▶ **WORK TO BE COMPLETED**
Beginning with the line that holds "Boutonné dans le" in the data below, give again every line through the one that holds "Mindre rund sølvdåse", exactly as written.

▶ **INFORMATION**
§
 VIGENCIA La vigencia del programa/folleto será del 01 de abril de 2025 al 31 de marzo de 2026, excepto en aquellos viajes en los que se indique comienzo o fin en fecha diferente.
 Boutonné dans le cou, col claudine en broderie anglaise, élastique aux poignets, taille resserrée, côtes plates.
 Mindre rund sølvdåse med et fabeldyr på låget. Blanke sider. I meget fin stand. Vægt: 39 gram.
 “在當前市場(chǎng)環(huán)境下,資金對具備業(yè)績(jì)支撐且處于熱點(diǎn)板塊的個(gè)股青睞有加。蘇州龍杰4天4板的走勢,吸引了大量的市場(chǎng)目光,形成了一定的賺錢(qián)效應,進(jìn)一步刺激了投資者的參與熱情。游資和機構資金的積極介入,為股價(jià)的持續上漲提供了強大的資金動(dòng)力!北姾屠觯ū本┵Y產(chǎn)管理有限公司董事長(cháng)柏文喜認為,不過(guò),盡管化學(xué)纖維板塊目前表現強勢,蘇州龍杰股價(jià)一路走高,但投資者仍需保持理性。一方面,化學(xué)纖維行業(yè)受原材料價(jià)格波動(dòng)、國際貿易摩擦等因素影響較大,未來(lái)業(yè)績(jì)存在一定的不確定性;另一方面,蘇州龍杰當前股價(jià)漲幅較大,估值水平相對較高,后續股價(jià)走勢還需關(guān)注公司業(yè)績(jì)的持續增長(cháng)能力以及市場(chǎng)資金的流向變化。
§
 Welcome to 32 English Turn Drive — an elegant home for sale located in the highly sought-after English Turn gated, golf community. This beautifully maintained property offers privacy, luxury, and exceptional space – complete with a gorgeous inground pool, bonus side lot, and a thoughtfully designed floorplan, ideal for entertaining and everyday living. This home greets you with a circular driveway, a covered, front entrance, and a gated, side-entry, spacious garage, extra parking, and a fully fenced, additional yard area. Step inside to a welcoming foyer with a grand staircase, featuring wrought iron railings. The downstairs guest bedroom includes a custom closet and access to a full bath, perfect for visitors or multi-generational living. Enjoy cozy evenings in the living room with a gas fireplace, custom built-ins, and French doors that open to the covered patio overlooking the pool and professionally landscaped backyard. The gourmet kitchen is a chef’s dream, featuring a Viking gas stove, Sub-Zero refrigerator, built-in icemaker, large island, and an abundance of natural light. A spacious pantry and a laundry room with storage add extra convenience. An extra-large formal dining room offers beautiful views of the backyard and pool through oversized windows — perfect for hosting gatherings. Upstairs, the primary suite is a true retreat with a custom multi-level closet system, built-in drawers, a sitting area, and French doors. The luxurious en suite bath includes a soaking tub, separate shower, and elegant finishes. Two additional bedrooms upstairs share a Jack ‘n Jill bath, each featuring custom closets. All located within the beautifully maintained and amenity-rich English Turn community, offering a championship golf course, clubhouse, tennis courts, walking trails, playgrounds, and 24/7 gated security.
§
▶ **ANSWER BOX**
 Boutonné dans le cou, col claudine en broderie anglaise, élastique aux poignets, taille resserrée, côtes plates.
 Mindre rund sølvdåse med et fabeldyr på låget. Blanke sider. I meget fin stand. Vægt: 39 gram.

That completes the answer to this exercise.